- Exercise objective -
Leave the pictures aside and copy all the data exactly.

- Provided data -
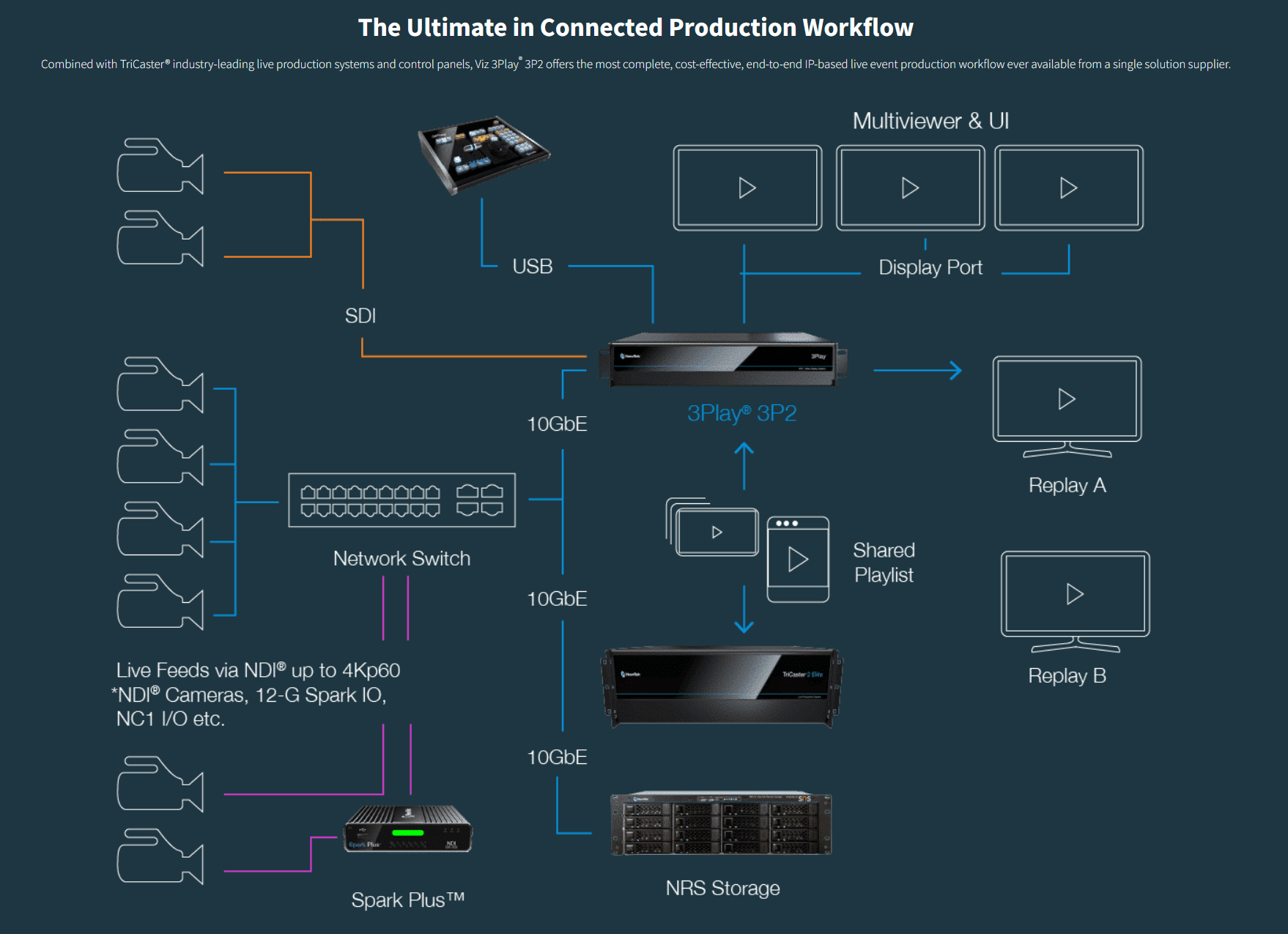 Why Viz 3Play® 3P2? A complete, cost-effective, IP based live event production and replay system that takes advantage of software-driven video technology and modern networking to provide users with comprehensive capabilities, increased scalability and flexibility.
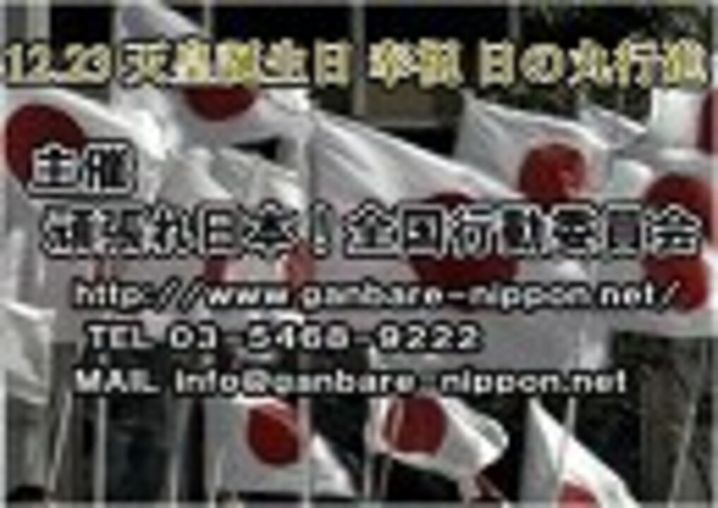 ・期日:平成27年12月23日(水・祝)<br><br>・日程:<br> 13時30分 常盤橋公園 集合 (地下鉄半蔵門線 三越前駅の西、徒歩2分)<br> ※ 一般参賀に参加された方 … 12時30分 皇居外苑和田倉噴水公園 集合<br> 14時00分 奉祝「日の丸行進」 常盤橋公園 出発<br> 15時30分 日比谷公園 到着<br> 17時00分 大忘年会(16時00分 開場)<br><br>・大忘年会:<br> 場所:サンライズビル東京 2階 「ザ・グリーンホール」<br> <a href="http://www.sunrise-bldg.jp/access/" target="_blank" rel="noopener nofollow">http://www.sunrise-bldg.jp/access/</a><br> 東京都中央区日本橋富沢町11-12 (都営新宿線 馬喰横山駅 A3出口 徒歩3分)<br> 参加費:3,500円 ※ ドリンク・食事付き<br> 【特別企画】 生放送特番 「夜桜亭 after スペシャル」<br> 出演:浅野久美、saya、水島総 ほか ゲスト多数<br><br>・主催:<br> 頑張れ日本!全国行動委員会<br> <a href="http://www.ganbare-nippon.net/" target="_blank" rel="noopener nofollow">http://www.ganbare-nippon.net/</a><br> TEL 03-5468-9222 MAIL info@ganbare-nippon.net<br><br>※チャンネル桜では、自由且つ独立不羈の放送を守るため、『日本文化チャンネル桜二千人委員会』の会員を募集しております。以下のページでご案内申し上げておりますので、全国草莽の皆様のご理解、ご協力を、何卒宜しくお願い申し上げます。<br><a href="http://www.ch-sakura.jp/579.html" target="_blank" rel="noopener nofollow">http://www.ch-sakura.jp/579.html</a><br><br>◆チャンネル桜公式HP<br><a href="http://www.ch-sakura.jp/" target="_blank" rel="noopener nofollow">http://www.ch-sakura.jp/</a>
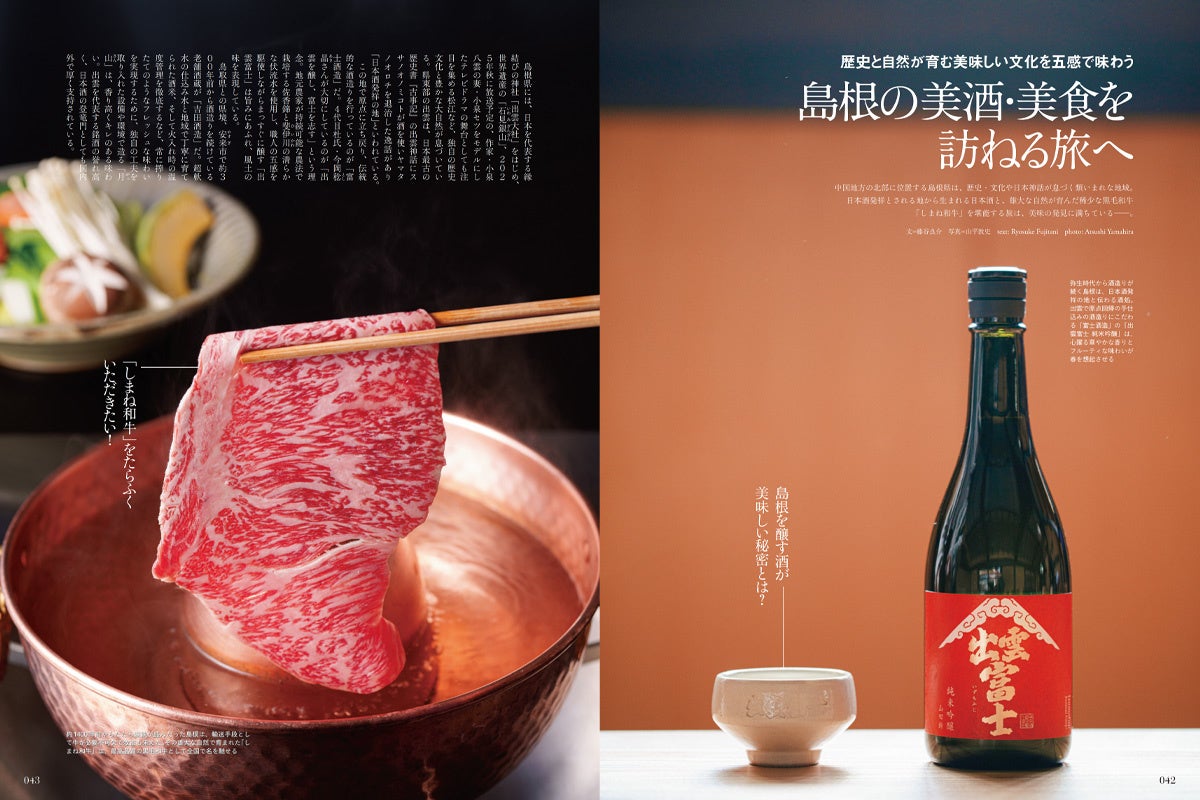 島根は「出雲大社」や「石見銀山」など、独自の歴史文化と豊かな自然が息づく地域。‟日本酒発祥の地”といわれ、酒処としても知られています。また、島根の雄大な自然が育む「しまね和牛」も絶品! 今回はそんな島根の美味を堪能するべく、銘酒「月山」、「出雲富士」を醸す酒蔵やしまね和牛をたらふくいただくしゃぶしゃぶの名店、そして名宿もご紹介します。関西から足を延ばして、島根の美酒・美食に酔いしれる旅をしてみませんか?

- Final answer -
 Why Viz 3Play® 3P2? A complete, cost-effective, IP based live event production and replay system that takes advantage of software-driven video technology and modern networking to provide users with comprehensive capabilities, increased scalability and flexibility.
 ・期日:平成27年12月23日(水・祝)<br><br>・日程:<br> 13時30分 常盤橋公園 集合 (地下鉄半蔵門線 三越前駅の西、徒歩2分)<br> ※ 一般参賀に参加された方 … 12時30分 皇居外苑和田倉噴水公園 集合<br> 14時00分 奉祝「日の丸行進」 常盤橋公園 出発<br> 15時30分 日比谷公園 到着<br> 17時00分 大忘年会(16時00分 開場)<br><br>・大忘年会:<br> 場所:サンライズビル東京 2階 「ザ・グリーンホール」<br> <a href="http://www.sunrise-bldg.jp/access/" target="_blank" rel="noopener nofollow">http://www.sunrise-bldg.jp/access/</a><br> 東京都中央区日本橋富沢町11-12 (都営新宿線 馬喰横山駅 A3出口 徒歩3分)<br> 参加費:3,500円 ※ ドリンク・食事付き<br> 【特別企画】 生放送特番 「夜桜亭 after スペシャル」<br> 出演:浅野久美、saya、水島総 ほか ゲスト多数<br><br>・主催:<br> 頑張れ日本!全国行動委員会<br> <a href="http://www.ganbare-nippon.net/" target="_blank" rel="noopener nofollow">http://www.ganbare-nippon.net/</a><br> TEL 03-5468-9222 MAIL info@ganbare-nippon.net<br><br>※チャンネル桜では、自由且つ独立不羈の放送を守るため、『日本文化チャンネル桜二千人委員会』の会員を募集しております。以下のページでご案内申し上げておりますので、全国草莽の皆様のご理解、ご協力を、何卒宜しくお願い申し上げます。<br><a href="http://www.ch-sakura.jp/579.html" target="_blank" rel="noopener nofollow">http://www.ch-sakura.jp/579.html</a><br><br>◆チャンネル桜公式HP<br><a href="http://www.ch-sakura.jp/" target="_blank" rel="noopener nofollow">http://www.ch-sakura.jp/</a>
 島根は「出雲大社」や「石見銀山」など、独自の歴史文化と豊かな自然が息づく地域。‟日本酒発祥の地”といわれ、酒処としても知られています。また、島根の雄大な自然が育む「しまね和牛」も絶品! 今回はそんな島根の美味を堪能するべく、銘酒「月山」、「出雲富士」を醸す酒蔵やしまね和牛をたらふくいただくしゃぶしゃぶの名店、そして名宿もご紹介します。関西から足を延ばして、島根の美酒・美食に酔いしれる旅をしてみませんか?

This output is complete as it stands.